An Abandoned Arctic Military Base Just Spilled a Scientific Secret

An Abandoned Arctic Military Base Just Spilled a Scientific Secret

Exactly how the Greenland ice sheet might degrade in the future is still unclear, and requires more research. Temperatures 400,000 years ago were similar to what they are today, but the natural warming that drove Greenland's melting back then happened gradually. Humans have quickly and dramatically warmed the planet since preindustrial times, and anthropogenic CO2 will stay in the atmosphere for thousands of years, unless people invent a way to remove it at large scale. We can also reduce temperatures. If we slash emissions, Mann says, Greenland’s ice sheet might remain stable.

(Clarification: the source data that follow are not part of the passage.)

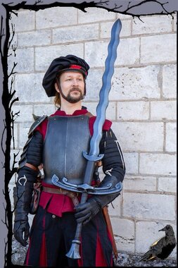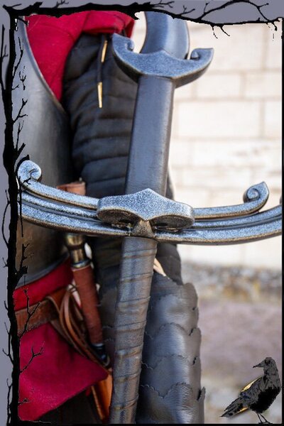 Die Landsknechte Flamberge ist ein durchdacht gestaltetes Großschwert, das von den ikonischen Waffen der Landsknechte inspiriert ist. Diese 150 cm lange Waffe ist vollständig aus Schaumstoff gefertigt und verfügt über eine Klinge im Flamberge-Stil mit subtilen, wellenartigen Kurven, die ihre Ästhetik verbessern und das historische Design widerspiegeln. Der Griff mit seinem stahlfarbenen Handschutz und Knauf spiegelt das traditionelle Aussehen von Landsknechtenschwertern wider und vermittelt ein Gefühl von Authentizität. Der Griff ist mit schwarzem Leder umwickelt und bietet während des Gebrauchs einen bequemen und sicheren Halt. Egal, ob Sie an LARP-Kämpfen teilnehmen oder es als Teil einer Sammlung ausstellen, das Landsknechte-Flamberge verbindet historischen Einfluss mit praktischem Design und ist damit eine vielseitige Ergänzung für das Arsenal jedes Enthusiasten.
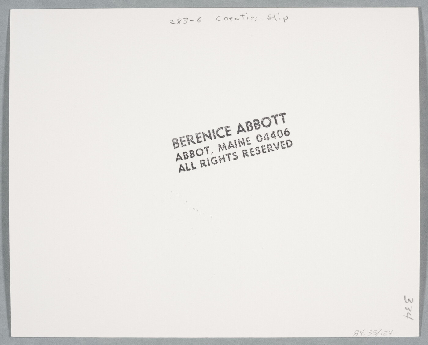 c. [stamp]: BERENICE ABBOTT \ ABBOT, MAINE 04406 \ ALL RIGHTS RESERVED
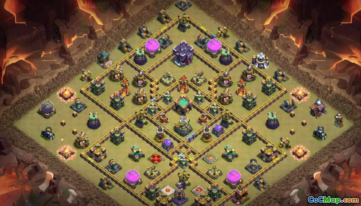 In addition to protecting resources, the layout supports effective defense during wars. The war base setup is carefully constructed to mislead attacking troops and direct them away from critical buildings. Strategic placement of air defenses, splash damage units, and heroes helps in creating a resilient war base that can withstand common attack strategies used by opponents in Clan Wars.

A modern Greenland tundra landscape

Photograph: Joshua Brown

So, how did this research team figure out that northwest Greenland was an ice-sheet-free tundra 400,000 years ago? The sediment from the Camp Century core was loaded with organic material, but it was way too old to examine by using carbon dating, which is only effective for periods up to 50,000 years back. “We pulled out little twigs and leaves, and we immediately sent them off radiocarbon dating, and they came back what we call ‘radiocarbon dead,’” says Rittenour. “There were no traces of radioactive carbon left in the sample.”

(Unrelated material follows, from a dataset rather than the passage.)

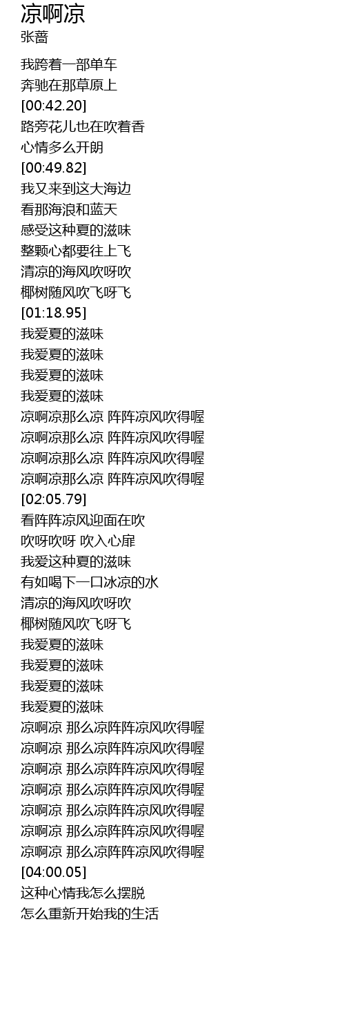 | [01:43.19] | liáng a liáng nà me liáng zhèn zhèn liáng fēng chuī dé ō |

So instead, Rittenour used light—specifically the luminescence of bits of feldspar buried in the sediment. Free electrons build up in the minerals over time, producing a "luminescence signal." Exposure to sunlight essentially neutralizes this signal, but once these minerals became buried under thousands of feet of ice, the sun’s rays could no longer reach them, and the electron buildup recommenced. In a darkroom in the lab, Rittenour could peer into the Camp Century samples using infrared light. “We can use light of one wavelength, and we measure the luminescence coming off at a different wavelength,” says Rittenour. “The older the sample, the more luminescence it produces.” That allowed them to determine how long it had been since the feldspar in the sediment last saw sunlight.